In recent years, inverse design methodologies have emerged as powerful tools for developing ultra-compact integrated photonic devices [19,20,21,22,23,24,25,26], significantly enhancing the integration density of photonic platforms. In our previous work, we developed the Global–Local Integrated Topology (GLINT) inverse design algorithm [27]—a global–local co-optimization framework that enables direct optimization of binary waveguide-silica structures. Leveraging the GLINT algorithm, we designed an ultra-compact, symmetric power splitter (5.5 µm × 2.5 µm) that achieves an insertion loss of 0.18 dB and a power imbalance below 0.0002 dB. Through network-level cascading of power splitters and novel compact phase shifters (4.5 µm × 0.9 µm), we constructed an ultra-compact inverse-designed integrated photonic matrix compute core (PMCC, 132 µm × 16 µm). The proposed PMCC, capable of performing matrix operations for ONNs, was evaluated on the Modified National Institute of Standards and Technology (MNIST) handwritten digit classification task, achieving a classification accuracy of 99.05%. Notably, our PMCC achieves an integration density of 2.6 × 10⁴ computational units/mm²—adopting a multistage interferometric architecture similar to that of MZI-based ONNs, yet yielding a significantly higher integration density.

Furthermore, to evaluate fabrication-error tolerance, we developed a stochastic fabrication-error model that incorporates over-etching, under-etching, and etch-induced deformations in inversely designed geometries. These errors were introduced as normally distributed random parameters. Using this model, we constructed 1000 PMCC structures, each with random fabrication errors, and evaluated each structure on 10,000 MNIST test images. Statistical analysis revealed that more than 90% of the simulation test results maintained greater than 80% recognition accuracy, demonstrating exceptional process robustness in our PMCC.

In the following sections, we first introduce the fundamental principles of the PMCC in Section 2, presenting its general architecture. Subsequently, Section 3 and Section 4 detail the essential components of the PMCC: the compact symmetric power splitter and the compact phase shifter, respectively. Following this, Section 5 demonstrates an application example of the PMCC for handwritten digit recognition (0–9). Finally, Section 6 establishes a unique stochastic fabrication-error simulation model to validate the robustness of the system.

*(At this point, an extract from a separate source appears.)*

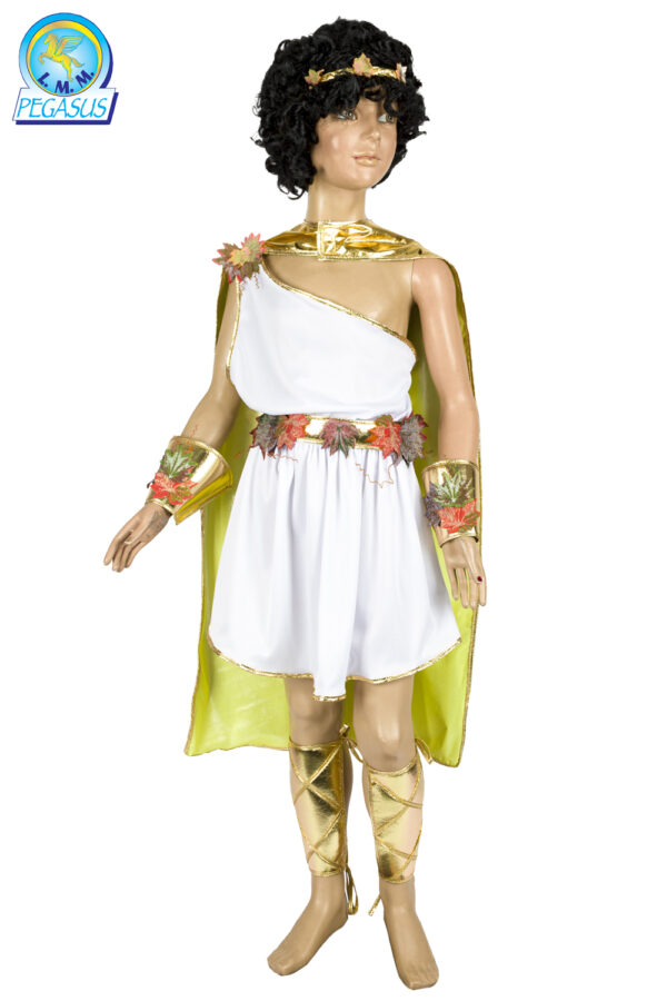 Il costume Bacco(per i romani) o Dioniso (per i greci) dio del vino è disponibile in 5 taglie a partire da 5/6 ANNI fino a 13/14 ANNI.Nella confezione del costume da Bacco dio del vino e dei misteri troverai i seguenti elementi: parrucca, tiara, mantello, casacca, polsini, cintura e cavigliere.Il costume è realizzato in maglina, crespo lamè, sbieco oro e applicazioni foglie.Costume perfetto per feste di Compleanno, Travestimenti, feste a tema, Cosplay, giochi di finzione, giochi di ruolo, Carnevale e sfilate di Carnevale.Materiale: tutte le parti 100% tessuti poliestere.Avvertenze indossare sotto visione di un adulto.Istruzione lavaggio: lavare a mano a bassa temperatura, lavare le parti separatamente, non strizzare, stirare a 110 gradi massimo a rovescio. dio, grecia, dei, dionisio, vino, MITOLOGIA, ANTICAGRECIA, ROMA, IMPEROROMANO, divinita’, mitologia, olimpo, vendemmia, giove

2. Introduction to the Principles of the PMCC

This section provides a concise introduction to the fundamental principles of the PMCC. Figure 1 illustrates the basic architecture of a PMCC with 2n input and output ports, which includes general optical locally-connected (OLC) layers, and provides a schematic overview of the operational process of the PMCC. Specifically, upon acquisition by edge devices, multimodal data such as video, audio, and images undergo feature preprocessing and are subsequently processed by the signal modulation layer (SM layer), which encodes the information onto the incident optical carriers before introducing them into the system. After the information-carrying light passes through n OLC layers—where complex all-optical matrix operations are performed on the feature vectors—the output signals are captured by a photodiode array (PD array), enabling functionalities such as real-time translation, autonomous driving, and image recognition.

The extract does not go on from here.